TASK INSTRUCTIONS.
Below are the records; copy exactly the stretch from the line containing "Продается 3-комн. квартира" through the line containing "Another slide from", both ends included, and nothing else.

INFORMATION PROVIDED.
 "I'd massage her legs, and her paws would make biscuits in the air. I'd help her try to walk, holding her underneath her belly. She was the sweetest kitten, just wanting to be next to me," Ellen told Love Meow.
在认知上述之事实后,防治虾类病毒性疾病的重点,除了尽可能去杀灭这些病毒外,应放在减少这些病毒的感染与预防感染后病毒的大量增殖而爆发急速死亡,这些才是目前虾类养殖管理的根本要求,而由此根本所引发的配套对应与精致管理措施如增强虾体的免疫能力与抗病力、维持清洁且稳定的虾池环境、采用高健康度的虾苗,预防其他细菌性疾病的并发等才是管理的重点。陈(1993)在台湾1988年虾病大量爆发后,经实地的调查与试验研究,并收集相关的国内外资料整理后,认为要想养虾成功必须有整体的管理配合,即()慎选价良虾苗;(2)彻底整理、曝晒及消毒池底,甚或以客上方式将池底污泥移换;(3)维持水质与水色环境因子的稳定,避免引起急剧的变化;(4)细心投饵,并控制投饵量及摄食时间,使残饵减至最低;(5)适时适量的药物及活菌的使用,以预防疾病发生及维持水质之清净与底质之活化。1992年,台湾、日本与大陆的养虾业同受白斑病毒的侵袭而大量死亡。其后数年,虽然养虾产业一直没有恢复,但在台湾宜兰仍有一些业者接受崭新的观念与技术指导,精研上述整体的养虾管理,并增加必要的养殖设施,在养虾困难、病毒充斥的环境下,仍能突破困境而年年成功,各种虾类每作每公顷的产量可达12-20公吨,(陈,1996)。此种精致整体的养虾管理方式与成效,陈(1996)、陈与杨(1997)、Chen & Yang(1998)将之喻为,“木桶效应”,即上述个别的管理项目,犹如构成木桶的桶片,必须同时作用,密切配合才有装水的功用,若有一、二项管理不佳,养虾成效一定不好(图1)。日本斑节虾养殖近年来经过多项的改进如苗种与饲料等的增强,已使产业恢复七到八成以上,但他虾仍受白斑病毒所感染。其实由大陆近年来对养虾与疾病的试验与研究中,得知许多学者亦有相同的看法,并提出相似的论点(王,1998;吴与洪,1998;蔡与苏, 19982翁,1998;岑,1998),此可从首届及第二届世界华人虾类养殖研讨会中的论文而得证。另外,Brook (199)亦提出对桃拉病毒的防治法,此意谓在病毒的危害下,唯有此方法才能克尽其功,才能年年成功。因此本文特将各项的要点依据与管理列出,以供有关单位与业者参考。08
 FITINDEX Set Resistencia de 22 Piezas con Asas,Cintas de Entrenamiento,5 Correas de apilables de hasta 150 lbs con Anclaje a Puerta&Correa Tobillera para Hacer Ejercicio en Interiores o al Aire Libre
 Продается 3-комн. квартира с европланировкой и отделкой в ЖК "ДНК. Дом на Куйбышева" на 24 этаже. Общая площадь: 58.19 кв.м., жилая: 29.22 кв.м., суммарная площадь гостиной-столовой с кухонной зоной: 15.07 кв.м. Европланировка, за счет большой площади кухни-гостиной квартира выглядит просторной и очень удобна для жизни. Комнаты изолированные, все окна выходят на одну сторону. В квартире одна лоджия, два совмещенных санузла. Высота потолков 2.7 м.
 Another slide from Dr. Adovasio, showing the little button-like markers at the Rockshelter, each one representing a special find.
...
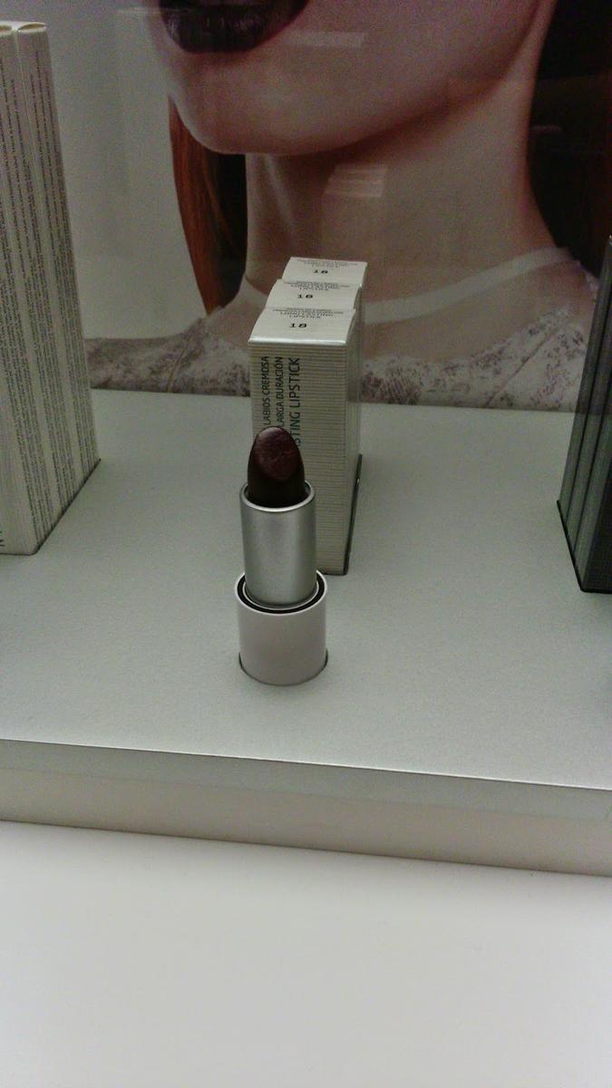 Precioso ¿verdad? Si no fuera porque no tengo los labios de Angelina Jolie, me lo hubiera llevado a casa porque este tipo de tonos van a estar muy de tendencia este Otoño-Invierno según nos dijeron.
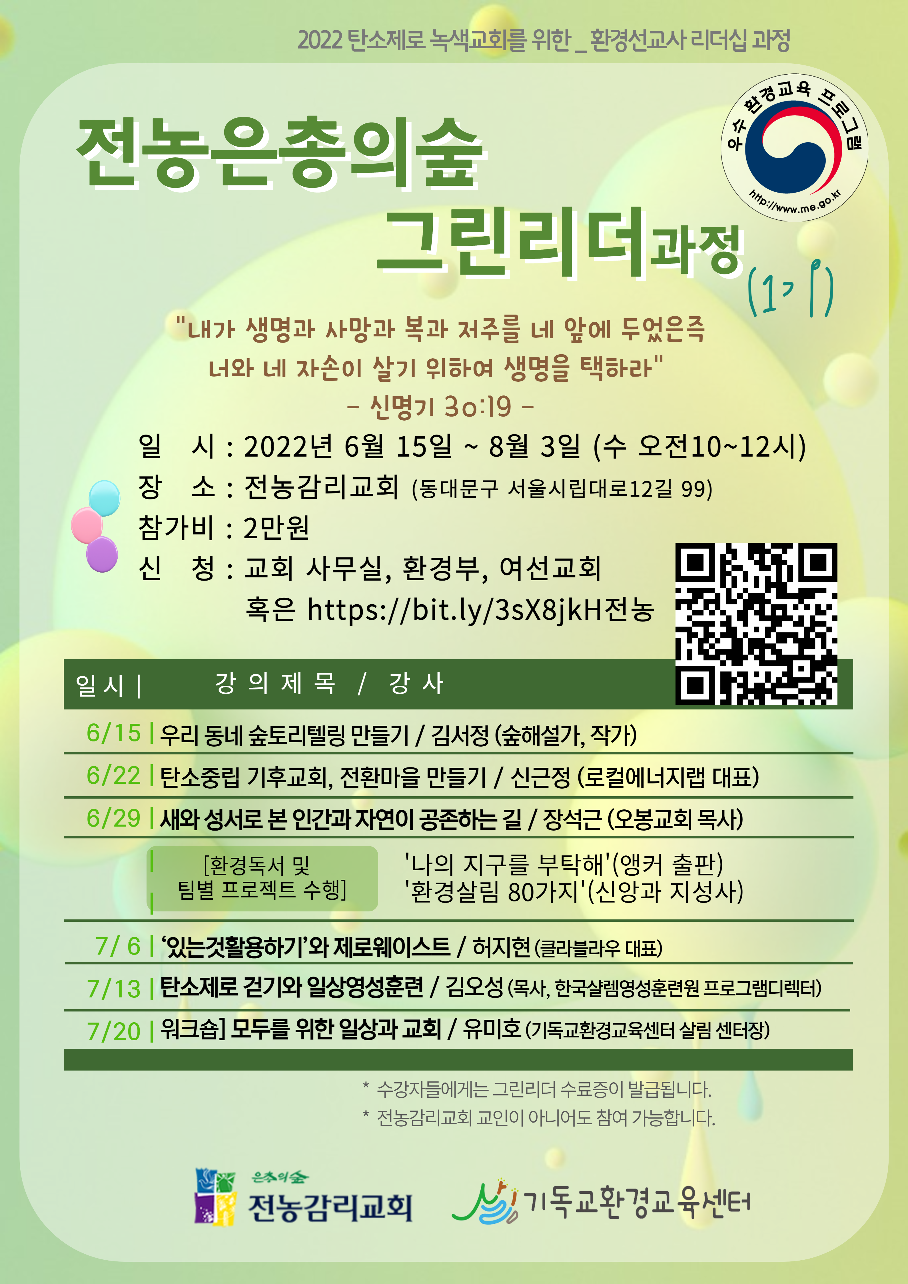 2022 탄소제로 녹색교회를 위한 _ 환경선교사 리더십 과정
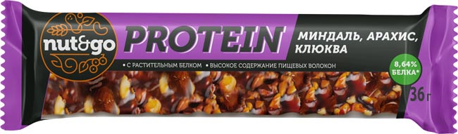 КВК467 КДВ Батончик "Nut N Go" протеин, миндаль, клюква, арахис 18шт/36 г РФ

WRITTEN REPLY.
 Продается 3-комн. квартира с европланировкой и отделкой в ЖК "ДНК. Дом на Куйбышева" на 24 этаже. Общая площадь: 58.19 кв.м., жилая: 29.22 кв.м., суммарная площадь гостиной-столовой с кухонной зоной: 15.07 кв.м. Европланировка, за счет большой площади кухни-гостиной квартира выглядит просторной и очень удобна для жизни. Комнаты изолированные, все окна выходят на одну сторону. В квартире одна лоджия, два совмещенных санузла. Высота потолков 2.7 м.
 Another slide from Dr. Adovasio, showing the little button-like markers at the Rockshelter, each one representing a special find.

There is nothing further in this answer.